In fact, Gore said in the "Fresh Air" interview that "any individual storm can’t be linked singularly to global warming – we’ve always had hurricanes." Poor notes it in his BMI article but doesn't see it as contradicting his assertion that Gore is "[u]sing tragedy to advance an agenda."

Poor's BMI article now notes a "clarification" that "The original audio for this story included two accurate audio clips but placed in the incorrect order. They are now included on this story as separate clips." Poor posted a version of his article at NewsBusters, but it doesn't mention that Gore said that "any individual storm can’t be linked singularly to global warming," it contains the original misleading out-of-order audio clip, and it contains no "clarification."


Posted by Terry K. at 1:21 AM EDT
It's La Raza-Bashing Day at WND
Topic: WorldNetDaily

In declaring John McCain's visit to La Raza's national convention "sickening," "repulsive," "inexcusable," "immoral and evil," Joseph Farah declares in his May 12 WorldNetDaily column that "I know what La Raza is all about." And what might that be?

In reality, La Raza is a racist hate group – a band of "Hispanic supremacists," if you will, though it is seldom characterized that way.

It is no more a civil rights group than the Ku Klux Klan is a group promoting the civil rights of white people. It is no more a civil rights group than the neo-Nazi scum who marched a generation ago at Skokie, Ill., with the legal protection of the American Civil Liberties Union, another misnamed organization. It is no more a civil rights group than the Aryan skinheads who victimize Jews and others they detest in trying to lift themselves up from the gutter.

La Raza is part of the movement in this country to destroy it from within by dividing and "reconquering."

[...]

The only real differences between La Raza and the neo-Nazis and the KKK are its wealth, power and level of sophistication.

Farah offers no evidence to support these claims.

By invoking the Nazi comparison, Farah contradicts WND's earlier professed offense that someone would be likened to a Nazi (plus following in the footsteps of the ilk of Michael Savage and Jim Gilchrist in likening La Raza to the KKK). And in a later reference to Democrats as "the plantation party," Farah contradicts the ConWeb's purported shock when Hillary Clinton used the plantation metaphor to describe Republicans.
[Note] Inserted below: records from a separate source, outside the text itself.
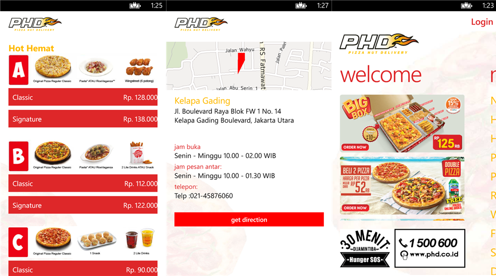 Melalui aplikasi ini, Anda dapat melihat semua pilihan menu yang ada di Pizza Hut, bahkan hingga promosi. Fitur lain adalah Check Your Area dan Track Your Order. Anda dapat mengunduh aplikasi ini di sini.
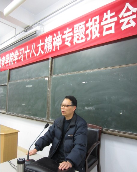 阎树群教授指出,学习十八大精神是目前首要政治任务,强调青年学生学习十八大精神应该深入浅出、入脑入心。阎教授从十八大的主要成就、十八大对党指导思想理论的贡献、十八大对中国特色社会主义理论的贡献及党的建设四个方面引领同学们展开十八大精神的学习,他指出,学习贯彻十八大精神,要大力发扬理论联系实际的学风,只有学以致用,坚持用十八大精神指导实践和学习,同时在实践和学习中不断加深对十八大精神的理解,才能真正把十八大精神落到学习、生活和工作之中。阎教授的宣讲报告字字珠玑,内容精彩,深深吸引了在场的师生。
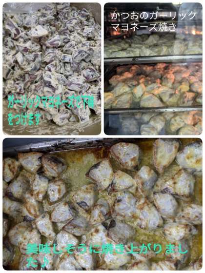 かつおのガーリックマヨネーズ焼きは、かつおに、にんにく、塩、白こしょう、マヨネーズで下味をつけ、焼き物機で焼きます。
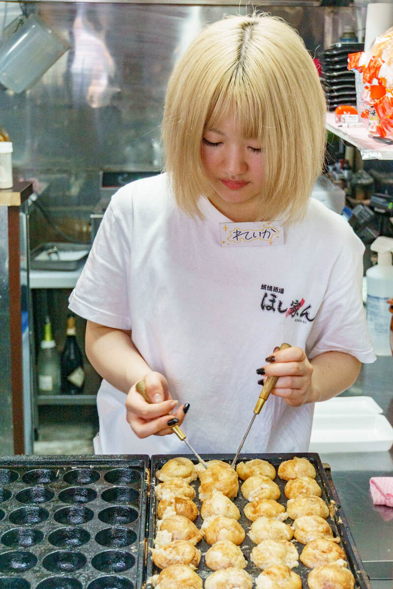 見に行ったときはお姉さんがめっちゃ手際よくたこ焼きを焼いていました!
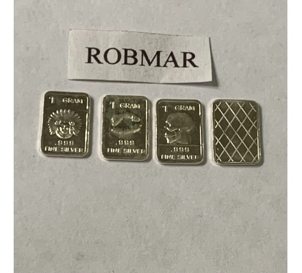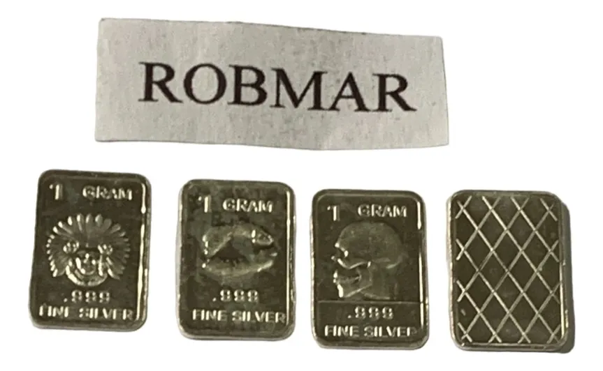 Robmar-U.S.A.-Lote de 3 lingotes x 1 gramo de plata pura 0,999-N°131-total 3 gramos, son 3 motivos diferentes en cada lote ,-este producto de origen de una refinerĂa USA disponemos de muchos motivos en lote de diferentes, animales, armas, personajes, etc, numerados, ideal para coleccionar e invertir porque la plata aumenta en dĂłlares por lo tanto, es mejor que tener dĂłlares asi si aumenta el dĂłlar y aumenta la plata protege mejor su inversiĂłn a futuro además por su tamaño y precio hace accesible su venta en caso de necesidad, tambiĂ©n están en esta página en lingotes por unidad numerados del 1 al 130 y lotes de 3 Y de 5 unidades con motivos variados, al comprar estos lotes vera que el costo dividido por gramo le saldrá más econĂłmico cada gramo, de regalo se adjunta un listado de todos los motivos del 1 al 130 numerados , más la historia de la refinerĂa de estados unidos que los fabrico de lo que hace y detalles de ella como un certificado más y protegidos con capsula plástica y con una descripciĂłn de su contenido
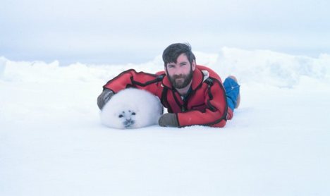 I especially like his expression in the photo at left with what appears to be a baby ribbon seal or possibly a harp seal. I think that I would also smile like that if I was cuddling a ribbon seal.
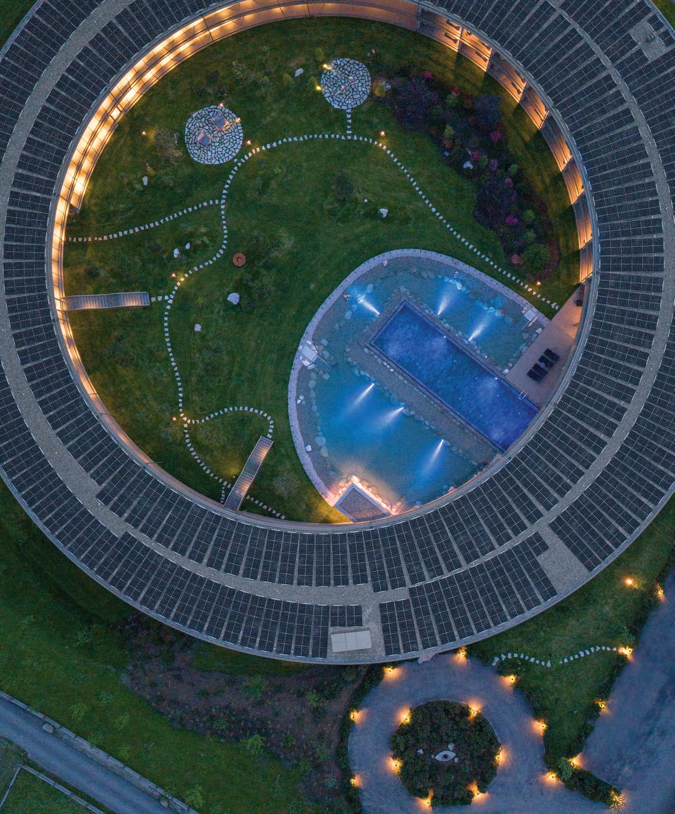 Explore distinctive eco-living at this oneof-a-kind aparthotel in Italy. by
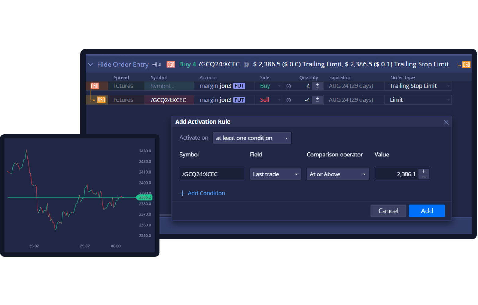 Empower our clients to manage risk with flexible trading strategies and a variety of order types, such as stop market, stop limit, and trailing stop. Position sizing adjusts the number of contracts traded based on market volatility and each client’s risk tolerance.

Farah wasn't the only one to bash La Raza this day. In her May 12 WND column, Barbara Simpson wrote:

Don't you know "La Raza" means "The Race," and it's a militant, angry, anti-U.S. organization. Too many members want American whites out of land they consider theirs. The goal is to have the U.S. Southwest be Hispanic.

Like Farah, Simpson offers no evidence to back up her attack.


Posted by Terry K. at 12:17 AM EDT
Monday, May 12, 2008
CNS Still Won't Let Planned Parenthood Respond to Attacks
Topic: CNSNews.com

A May 12 CNSNews.com article by Penny Starr keeps up her recent trend of attacking Planned Parenthood without letting anyone from the group respond to the attacks.

In this instance, an "e-mail blast" asking recipients to make a "Mother's Day gift" to the organization is attacked by two different anti-abortion activists, while another Planned Parenthood email countering right-wing attempts to cut off federal funding to the group is countered by the Family Research Council's Tony Perkins, a leader of the defunding effort.

As she has before, Starr makes no apparent effort to obtain a response from Planned Parenthood to the criticism.